# Mystery Fish



## 3FishinCrew (Oct 26, 2012)

I have been fishin' my whole life and have never came across this fish. Any of y'all know what species this is?


----------



## MoonShadow (Jun 3, 2007)

Tilapia?


----------



## markbrumbaugh (Jul 13, 2010)

Looks like tilapia. Where caught?


----------



## Nosaed (Aug 2, 2010)

Tilapia
I have seen reports of these caught in lake Houston before. If these are wild tilapia not stock pond or so they are good eating.
Usually the store bought (farm raised) ones aren't even good bait.


----------



## 3FishinCrew (Oct 26, 2012)

At a little pond in Sugar Land.


----------



## 3FishinCrew (Oct 26, 2012)

Y'all are correct from the photos I found on Google. Thanks for the help! I was really stumped. It put up a pretty good fight as well.


----------



## Meadowlark (Jul 19, 2008)

Mozambique Tilapia...and you're right, they are fun to catch.


----------



## doublethree (Aug 2, 2013)

There are many tilapia in Sugarland ponds.

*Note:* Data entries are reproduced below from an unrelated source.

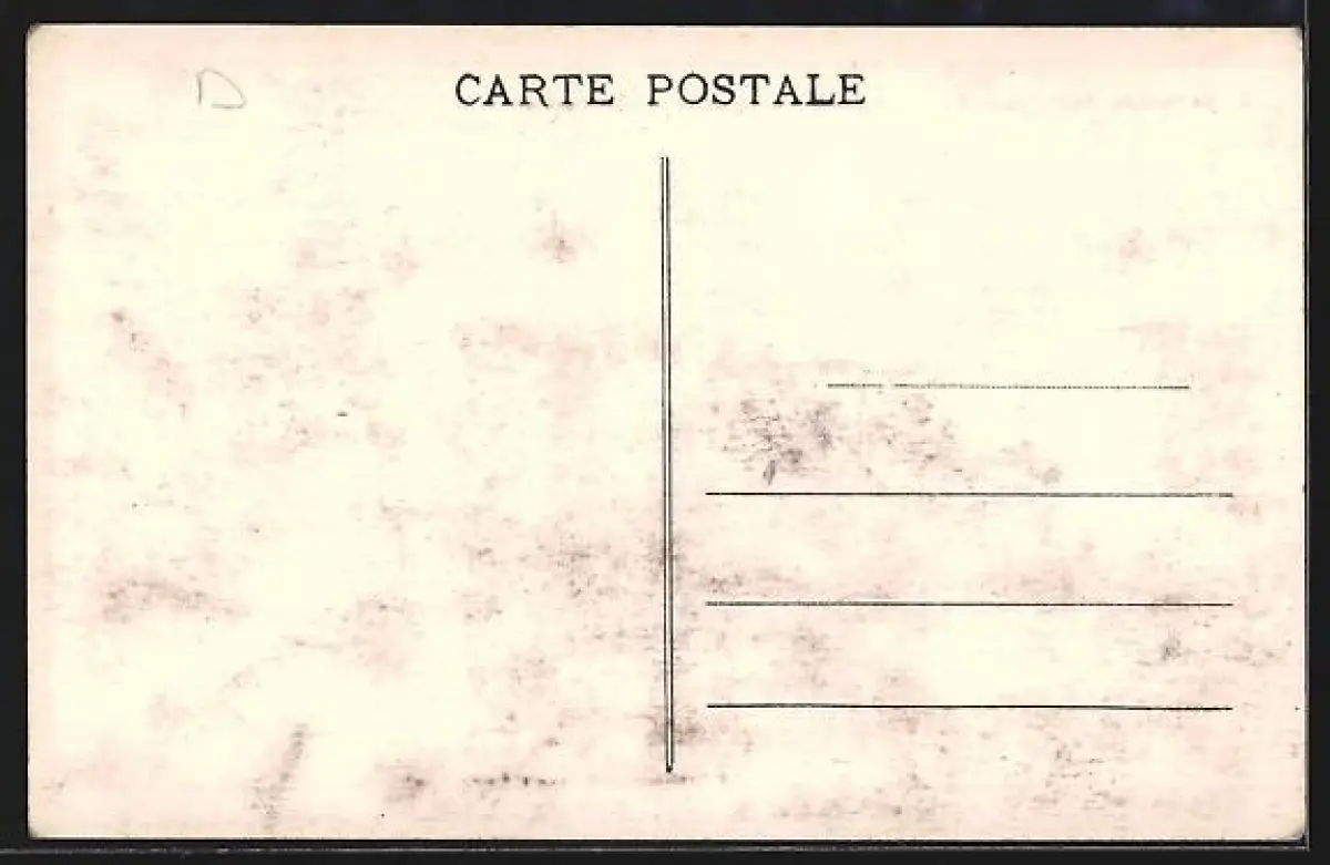 Personenbezogene Daten auf der Rückseite der Karte wurden durch blauen Textmarker unkenntlich gemacht. Die blauen Stellen sind auf die Vorderseite durchgeweicht und wirken sich negativ auf das Postkartenfoto aus
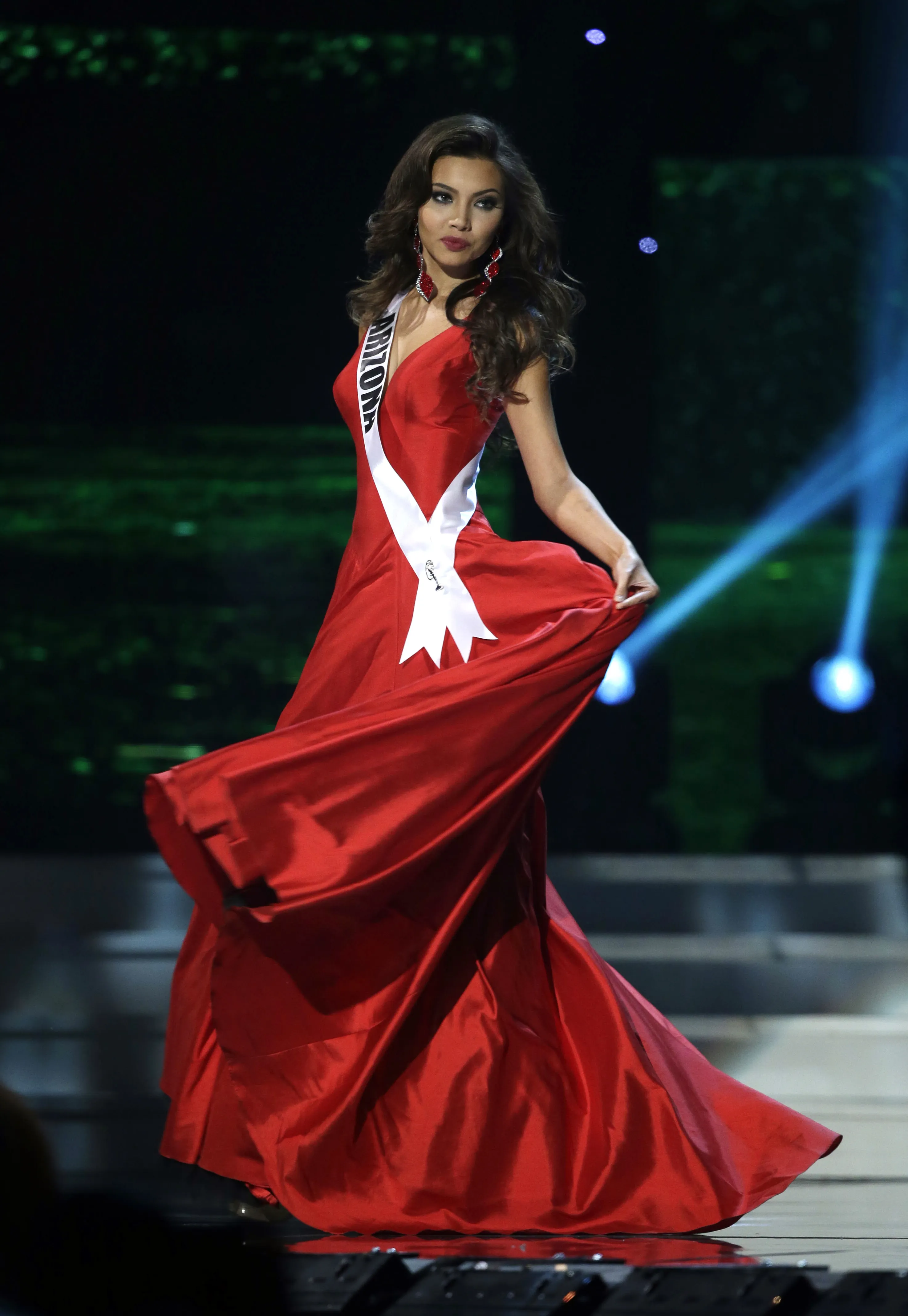 Miss Arizona Maureen Montagne competes in the evening gown competition during the preliminary round of the 2015 Miss USA Pageant in Baton Rouge, La., Wednesday, July 8, 2015. (Photo by Gerald Herbert/AP Photo)
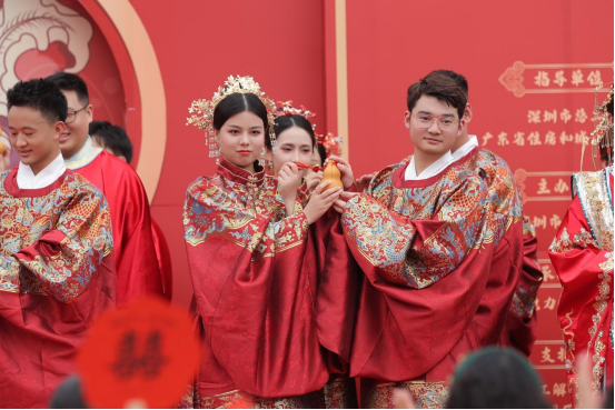 當(dāng)天,他們一同來到集體婚禮現(xiàn)場。卻扇禮、沃盥禮、合巹禮,一個個頗具儀式感的環(huán)節(jié)之后,新人們解纓結(jié)發(fā),交換信物,執(zhí)手誥天。光明區(qū)民政局黨開穎主任為現(xiàn)場新人證婚并送上祝福。禮成后,觀禮的親朋們揮動喜扇,歡呼喝彩,為新人們送上熱烈的祝福。

Just wondering if you need kill it right away after you catch it.


----------



## sotexhookset (Jun 4, 2011)

Caught it on a crank bait. I thought they were vegetarian/ berry eaters or whatever.


----------



## Longshot270 (Aug 5, 2011)

sotexhookset said:


> Caught it on a crank bait. I thought they were vegetarian/ berry eaters or whatever.


They eat everything. The one I had in an aquarium would beat up on my oscar and eat whatever got dropped in, live food to algae wafers.


----------



## pwooly (Dec 2, 2012)

Where in Sugarland do you fish? Been trying to find a good pond. Been fishing in Missouri city area.


----------



## Nitro Man (Jun 13, 2013)

Kill It!!! It's an invasive species that eats eggs from other fish during the spawn. Not sure what the law is for private ponds but if you catch a Tilapia on public water you are required to gut the fish and not release it back to the water alive.


----------



## Bernie06 (Jun 19, 2012)

*kill them*

Yes kill this fish right away. Grocery stores and markets that sell these fish can have them alive, but have to be killed before they are sold to the public. This is an invasive species and can destroy a fishing population.


----------



## Slamfishing (Aug 16, 2013)

Tilapia,probably put your bait in her face and got mad when she was spawning


----------



## D-I-A (Jan 11, 2013)

I thought cichlid at first, but it may be a tilapia.


----------



## Cody C (May 15, 2009)

Tilapia. They tear up bass beds and run off the males protecting fry. Fun to shoot with a bow and make a good fish fry. 
Gibbons creek has some big ones in it!


Cody C


----------



## BadBob (Dec 16, 2010)

just about to say that ive heard folks catching them out on gibbons and lots of them


----------



## essayons75 (May 15, 2006)

Here is the reg. You can possess/transport them if you immediately remove all intestines. We've caught them and as soon as the kids pull them in I gut them, throw on ice.

Also, yes they are in Lake Houston. I've seen them caught in the slew by the YMCA in Kingwood. They will eat worms.

*Possession and Transport of Exotic Aquatic Species *

*It is a violation to*


Possess or transport any exotic aquatic plant or animal listed as harmful or potentially harmful. This includes: plants such as hydrilla, water hyacinth, and giant salvinia; fishes such as tilapia and Asian carps (grass, silver, and bighead carp); and zebra mussels.
Possess tilapia, grass carp or any other fish listed as harmful or potentially harmful, without immediately removing the intestines, except on waters where a valid Triploid Grass Carp Permit is in effect. In those waters, it is illegal to possess grass carp. Any grass carp caught must be immediately returned to the water unharmed.


----------



## isaac.mendiola (Aug 16, 2013)

what pond in sugarland?


----------



## Watersoul (Feb 15, 2013)

I was wondering what a talopia looked like. Good catch.


----------